▸ **Task to carry out**: Copy each line of the listing below exactly and drop the images.

▸ **Data for the task**:
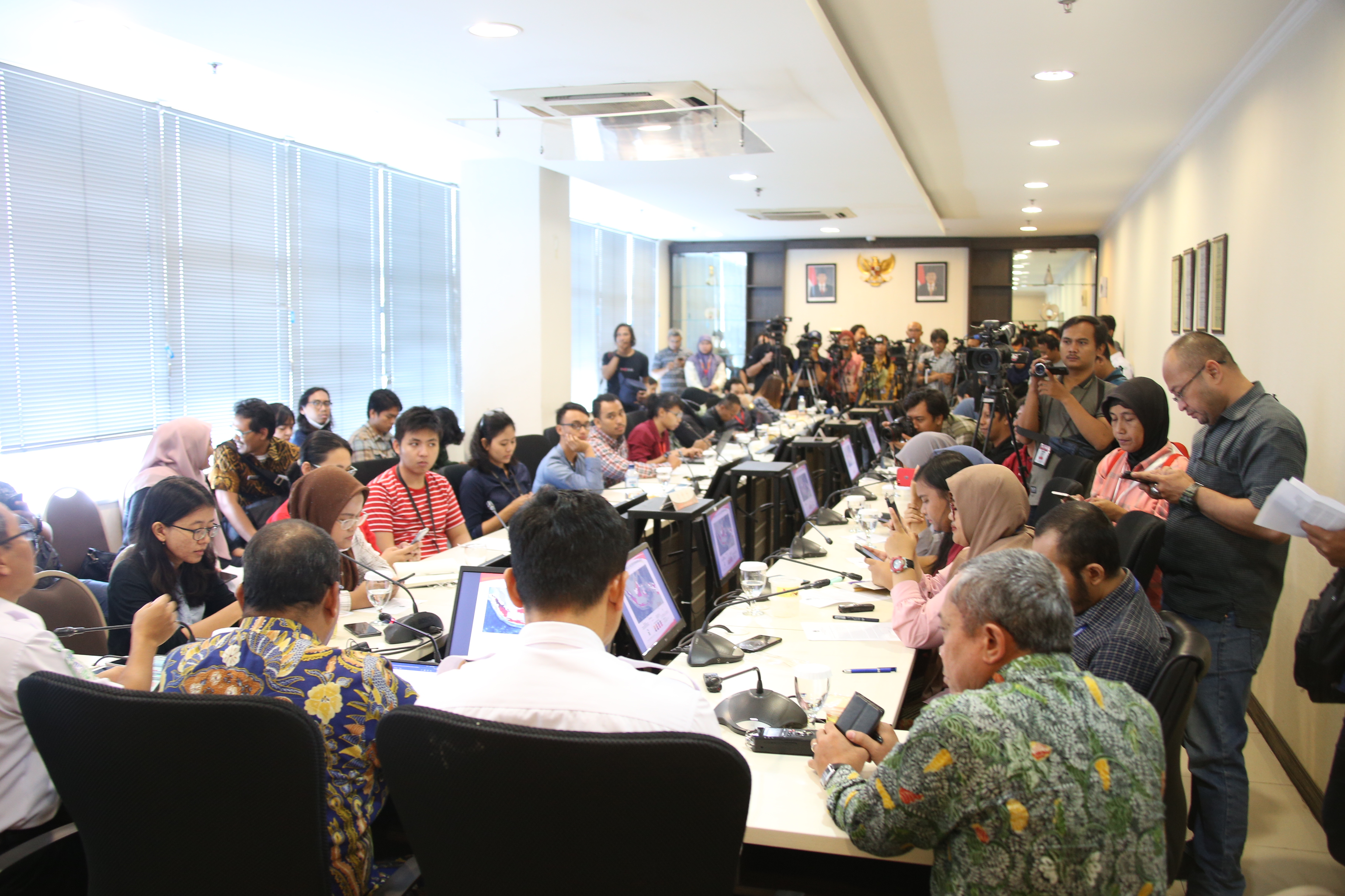 Jakarta (30/07)--- “Negara akan terus hadir untuk mengatasi dan membantu masyarakat yang terdampak bencana kekeringan dan Karhutla. Kementerian dan Lembaga Negara di bawah koordinasi Kemenko PMK akan terus bekerja keras menangani bencana kekeringan dan Karhutla ini mulai dari antisipasi sampai nanti rehabilitasi dan rekonstruksinya. Kita bersama juga tentu ingin kedua bencana musim kemarau ini dapat tuntas bahkan hingga titik nol atau tidak ada lagi hotspot baik Karhutla maupun kekeringan.” Demikian penegasan Deputi bidang Koordinasi Kerawanan Sosial dan Dampak Bencana, Kemenko PMK, Dody Usodo HGS dalam konferensi pers yang membahas tentang antisipasi potensi bencana kekeringan dan Karhutla, Selasa pagi di ruang rapat besar lt.3 gedung Kemenko PMK, Jakarta. Turut mendampingi Dody dalam Konpers kali ini  Deputi bidang Klimatologi, BMKG yang diwakili oleh Plh. Deputi bidang Klimatologi; dan Kepala Balai Besar Teknologi Modifikasi Cuaca BPPT, Tri Handoko Seto.
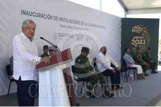 TEQUILA, JALISCO, 14MARZO2021.- Andrés Manuel López Obrador, Presidente de México encabezó la Inauguración de instalaciones de la Guardia Nacional. Lo acompañaron: Enrique Alfaro Ramírez, gobernador del Estado de Jalisco; Rosa Icela Rodríguez Velázquez, Secretaria de Seguridad y Protección Ciudadana; Luis Cresencio Sandoval González, Secretario de la Defensa Nacional; Eduardo Redondo Arámburo, Subsecretario de Marina; Luis Rodríguez Bucio, Comandante de la Guardia Nacional; Arturo Trinidad González, Comandante de la V R.M. y Beatriz Miramontes Rivera, Presidenta Municipal de Tequila, Jalisco. FOTO: PRESIDENCIA/CUARTOSCURO.COM
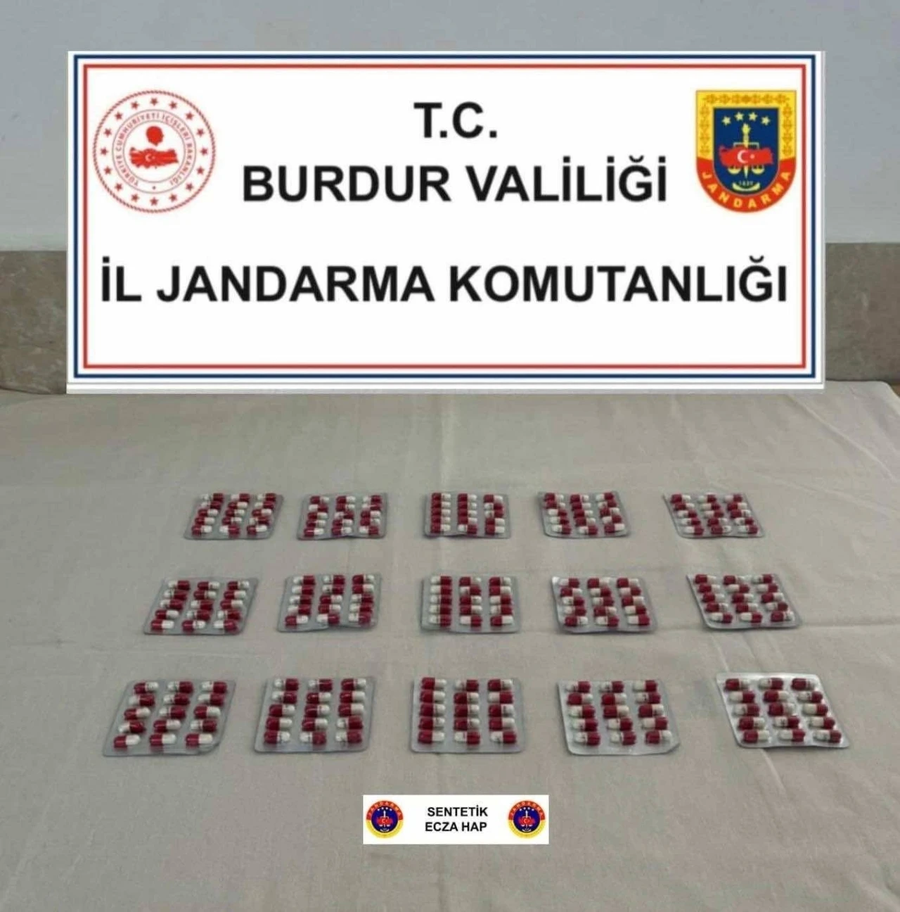 Burdur’da jandarma ekipleri tarafından düzenlenen operasyonda 225 adet sentetik ecza hap ele geçirilirken bir şüpheli çıkarıldığı mahkemece tutuklanarak cezaevine gönderildi.
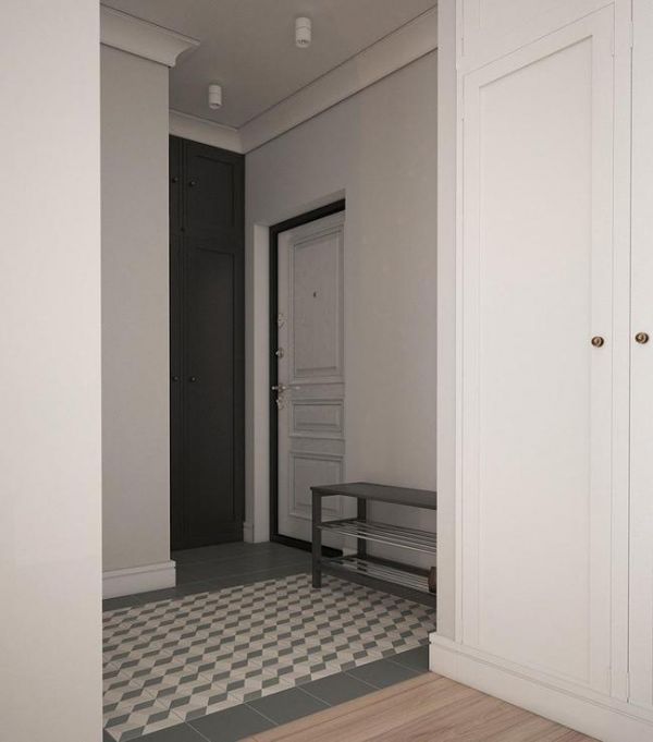 玄关通往客厅空间的转角处设计了一组嵌入式衣柜,增加室内的收纳空间,卧室隔墙一侧则安装了一面全身镜,方便女主人换衣时使用。
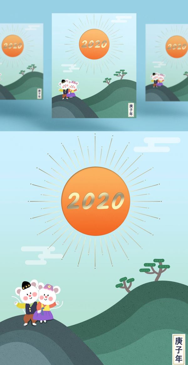 图穷联素材库 » 春节新年韩式旅游风年卡通可爱风格鼠年海报模板
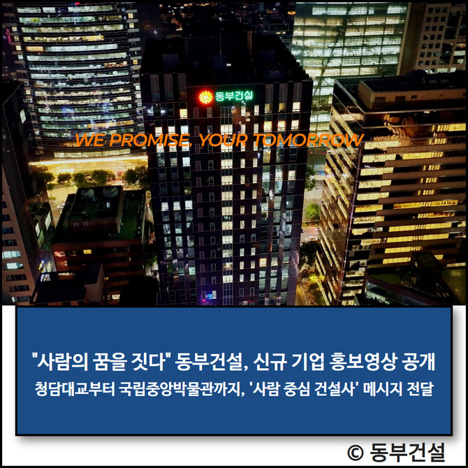 동부건설(005960)은 회사 핵심가치와 비전을 담은 신규 기업 홍보영상을 선보였다고 12일 밝혔다. 이번 영상은 기업 인지도와 브랜드 이미지 제고를 목표로 기획됐다.
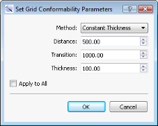 The Set Grid Conformability Parameters dialog box is used to specify the conform method when you are using conformable gridding to create surfaces. To open the Set Grid Conformability Parameters dialog box, from the Framework tab in the Surface Display and Data dialog box, click in the Conform Method cell. Alternately, click in the Conform Distance, Conform Transition, or Conform Thickness cell when the table view is expanded.
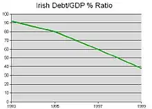 В 1980-е годы Ирландия пережила очередной бюджетный кризис, острота которого вынудила сократить госрасходы в 1987 году (расходы на здравоохранение были урезаны на 6%, на образование — на 7%, ассигнования на сельское хозяйство — на 18%, на дорожное и жилищное строительство — на 11%, а оборонные расходы — на 7%). Бюджет на 1988 год уже предусматривал крупнейшее сокращение государственных расходов в Ирландии за 30 лет[2]. В дальнейшем правительство проводило жесткую бюджетную политику, сохраняя низкие госрасходы. На 2019 год в Ирландии оставались самые низкие государственные расходы в ЕС (как доля от ВВП)[3].
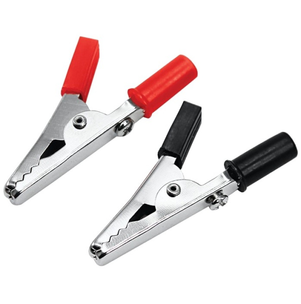 Зажим "крокодил" представляет собой электромеханическое устройство, предназначенное для оперативного соединения или разъединения контакта проводов при выполнении измерительных работ или монтажа электрических и слаботочных сетей. В целях безопасной эксплуатации зажима, ручки имеют изоляцию, изготовленную из ПВХ, что предохранит от поражения специалиста электрическим током. Чаще всего зажимы применяются парами черного и красного цвета.
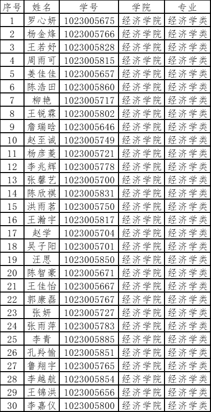 按照学校“关于2023级新生英语水平测试及各类试点班选拔等事宜的通知”的要求,经本人申请,按照公平、公正、公开的原则,银娱geg优越会线路组织专家组进行了面试考核,综合笔试面试形成总成绩排序,选拔30名学生进入2023级数字经济试点班学习。现将名单公示如下:
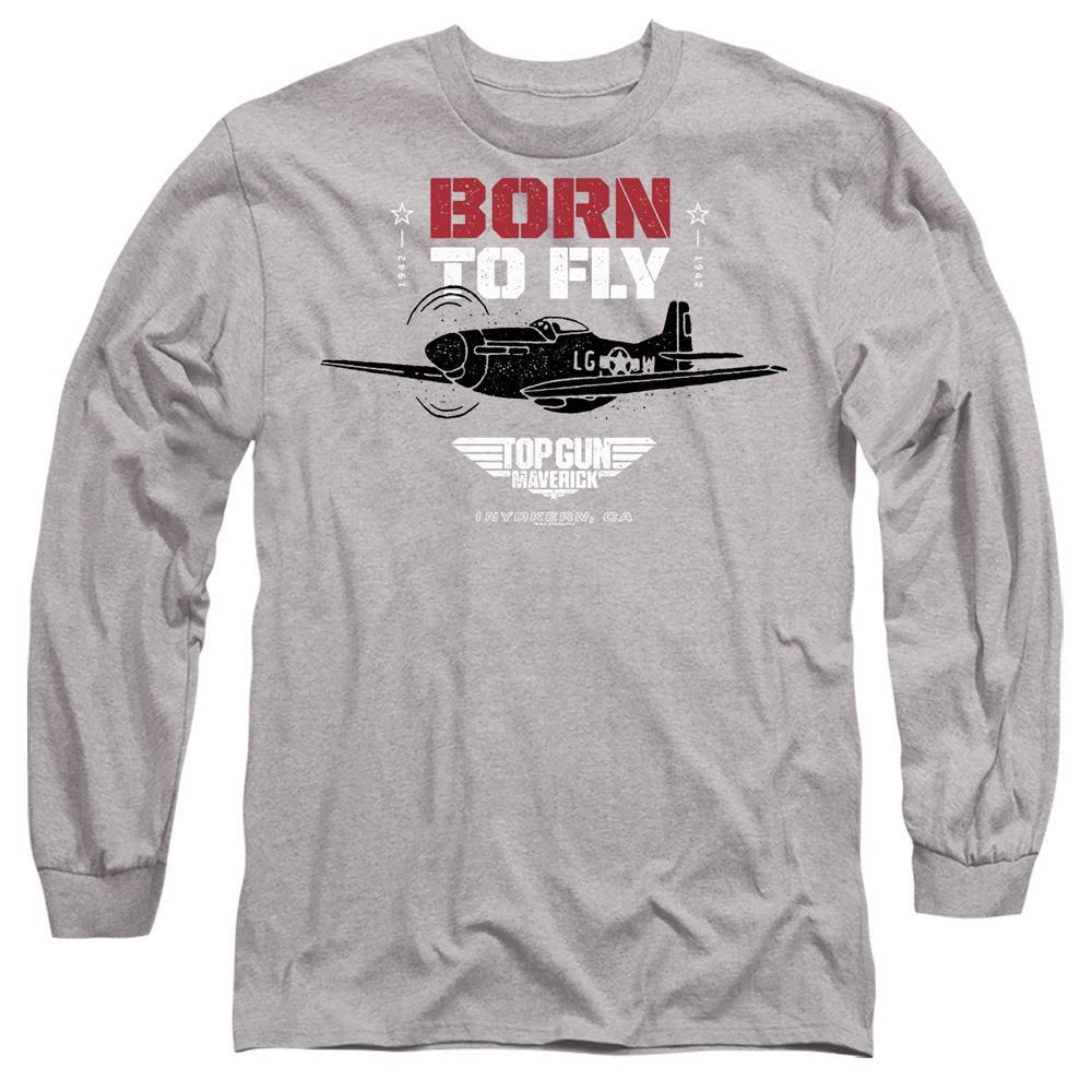Dieses Langarm-T-Shirt verfügt über einen Grafikdruck, der vom ikonischen Top Gun Maverick Film inspiriert ist. Das Design zeigt ein Vintage-Flugzeug mit dem Text "BORN TO FLY" und "TOP GUN MAVERICK INYOKERN, CA", was es zu einem unverwechselbaren Stück für Fans macht.

▸ **Task solution**:
 Jakarta (30/07)--- “Negara akan terus hadir untuk mengatasi dan membantu masyarakat yang terdampak bencana kekeringan dan Karhutla. Kementerian dan Lembaga Negara di bawah koordinasi Kemenko PMK akan terus bekerja keras menangani bencana kekeringan dan Karhutla ini mulai dari antisipasi sampai nanti rehabilitasi dan rekonstruksinya. Kita bersama juga tentu ingin kedua bencana musim kemarau ini dapat tuntas bahkan hingga titik nol atau tidak ada lagi hotspot baik Karhutla maupun kekeringan.” Demikian penegasan Deputi bidang Koordinasi Kerawanan Sosial dan Dampak Bencana, Kemenko PMK, Dody Usodo HGS dalam konferensi pers yang membahas tentang antisipasi potensi bencana kekeringan dan Karhutla, Selasa pagi di ruang rapat besar lt.3 gedung Kemenko PMK, Jakarta. Turut mendampingi Dody dalam Konpers kali ini  Deputi bidang Klimatologi, BMKG yang diwakili oleh Plh. Deputi bidang Klimatologi; dan Kepala Balai Besar Teknologi Modifikasi Cuaca BPPT, Tri Handoko Seto.
 TEQUILA, JALISCO, 14MARZO2021.- Andrés Manuel López Obrador, Presidente de México encabezó la Inauguración de instalaciones de la Guardia Nacional. Lo acompañaron: Enrique Alfaro Ramírez, gobernador del Estado de Jalisco; Rosa Icela Rodríguez Velázquez, Secretaria de Seguridad y Protección Ciudadana; Luis Cresencio Sandoval González, Secretario de la Defensa Nacional; Eduardo Redondo Arámburo, Subsecretario de Marina; Luis Rodríguez Bucio, Comandante de la Guardia Nacional; Arturo Trinidad González, Comandante de la V R.M. y Beatriz Miramontes Rivera, Presidenta Municipal de Tequila, Jalisco. FOTO: PRESIDENCIA/CUARTOSCURO.COM
 Burdur’da jandarma ekipleri tarafından düzenlenen operasyonda 225 adet sentetik ecza hap ele geçirilirken bir şüpheli çıkarıldığı mahkemece tutuklanarak cezaevine gönderildi.
 玄关通往客厅空间的转角处设计了一组嵌入式衣柜,增加室内的收纳空间,卧室隔墙一侧则安装了一面全身镜,方便女主人换衣时使用。
 图穷联素材库 » 春节新年韩式旅游风年卡通可爱风格鼠年海报模板
 동부건설(005960)은 회사 핵심가치와 비전을 담은 신규 기업 홍보영상을 선보였다고 12일 밝혔다. 이번 영상은 기업 인지도와 브랜드 이미지 제고를 목표로 기획됐다.
 The Set Grid Conformability Parameters dialog box is used to specify the conform method when you are using conformable gridding to create surfaces. To open the Set Grid Conformability Parameters dialog box, from the Framework tab in the Surface Display and Data dialog box, click in the Conform Method cell. Alternately, click in the Conform Distance, Conform Transition, or Conform Thickness cell when the table view is expanded.
 В 1980-е годы Ирландия пережила очередной бюджетный кризис, острота которого вынудила сократить госрасходы в 1987 году (расходы на здравоохранение были урезаны на 6%, на образование — на 7%, ассигнования на сельское хозяйство — на 18%, на дорожное и жилищное строительство — на 11%, а оборонные расходы — на 7%). Бюджет на 1988 год уже предусматривал крупнейшее сокращение государственных расходов в Ирландии за 30 лет[2]. В дальнейшем правительство проводило жесткую бюджетную политику, сохраняя низкие госрасходы. На 2019 год в Ирландии оставались самые низкие государственные расходы в ЕС (как доля от ВВП)[3].
 Зажим "крокодил" представляет собой электромеханическое устройство, предназначенное для оперативного соединения или разъединения контакта проводов при выполнении измерительных работ или монтажа электрических и слаботочных сетей. В целях безопасной эксплуатации зажима, ручки имеют изоляцию, изготовленную из ПВХ, что предохранит от поражения специалиста электрическим током. Чаще всего зажимы применяются парами черного и красного цвета.
 按照学校“关于2023级新生英语水平测试及各类试点班选拔等事宜的通知”的要求,经本人申请,按照公平、公正、公开的原则,银娱geg优越会线路组织专家组进行了面试考核,综合笔试面试形成总成绩排序,选拔30名学生进入2023级数字经济试点班学习。现将名单公示如下:
Dieses Langarm-T-Shirt verfügt über einen Grafikdruck, der vom ikonischen Top Gun Maverick Film inspiriert ist. Das Design zeigt ein Vintage-Flugzeug mit dem Text "BORN TO FLY" und "TOP GUN MAVERICK INYOKERN, CA", was es zu einem unverwechselbaren Stück für Fans macht.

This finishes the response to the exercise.